Règles de recrutement

Au-delà de leur prix d'achat, les joueurs venus du continent pourraient aussi être tentés de demander à être payés plus, pour compenser la perte de pouvoir d'achat d'une livre dévaluée.

Le Brexit, avec comme probable corollaire une sortie du marché unique et de son principe de libre circulation, signifierait aussi d'autres règles de recrutement pour les joueurs européens: ils seraient soumis aux mêmes contraintes que ceux qui ne viennent pas de l'UE, à savoir un nombre minimum de matches à avoir disputés avec leur équipe nationale dans les deux années précédant leur signature.

Si cette règle concernait aussi les ressortissants des 27 autres pays de l'UE, 400 footballeurs, sur les quelque 1.800 que comptent les deux premières ligues anglaises et écossaises, ne seraient plus éligibles, selon les estimations qui circulent dans la presse britannique.

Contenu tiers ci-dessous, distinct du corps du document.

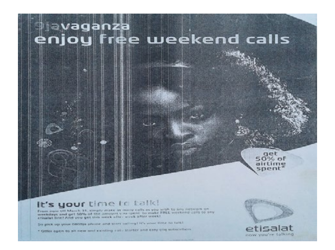
Etisalat Ad 2

In addition, the places where consumers can purchase the plan as well as the appropriate time of its enjoyment are demonstrated as at any etisalat experience centre and on weekninghts and weekends . These pieces of information become necessitated in order to clarify doubts on the product's availability and to ease the consumers' stress on the purchase of the service. The communicator consoles subscribers with clauses twelve and five. That is, Text 'help' to 229 and it's easy with easynet . Directing readers to 229 is perhaps an end to discomfort in purchasing the Internet plan, owing to the freedom that consumers could exercise by purchasing the product online. The convenience created alleviates some worries. To further satisfy the public, it's easy with easynet culminates the message to give readers a peace of mind. Such means could make consumers relax to benefit from the campaigned Etisalat data plan.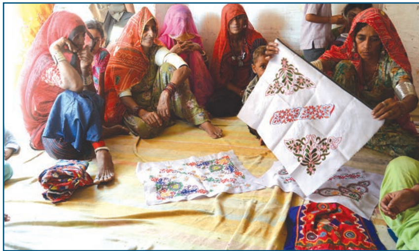
URMUL's work with women craftspersons near Bikaner, Rajasthan, has helped generate self-confidence and livelihoods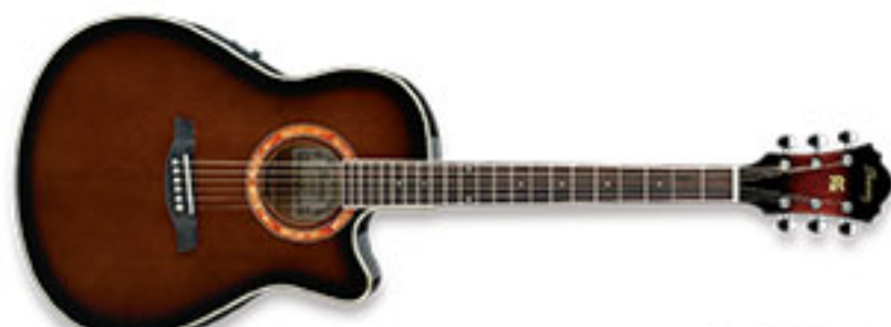
DVS (Dark Violin Sunburst High Gloss)

Ce serait le cas par exemple, si on appliquait déjà ces règles, de l'international français Dimitri Payet, de West Ham, et de son compatriote et milieu de terrain N'Golo Kanté, joueur clé du titre inespéré décroché par Leicester la saison dernière.

Mais certains voient dans ces limitations une chance pour les jeunes talents britanniques, qui, du fait des places devenues vacantes, pourraient faire leurs preuves dans des clubs plus prestigieux, plutôt que de se faire les dents dans des équipes de deuxième rang.

De manière générale, "nous pouvons nous attendre à ce que la Premier League fasse tout ce qu'elle peut pour inciter le gouvernement à s'assurer que la capacité à recruter des talents européens n'est pas entamée", c'est-à-dire à exercer un intense lobbying pour que les règles de permis de travail reflètent leurs intérêts, prédit Dan Lowen, de chez Couchmans, un cabinet d'avocats spécialisés dans le sport-business.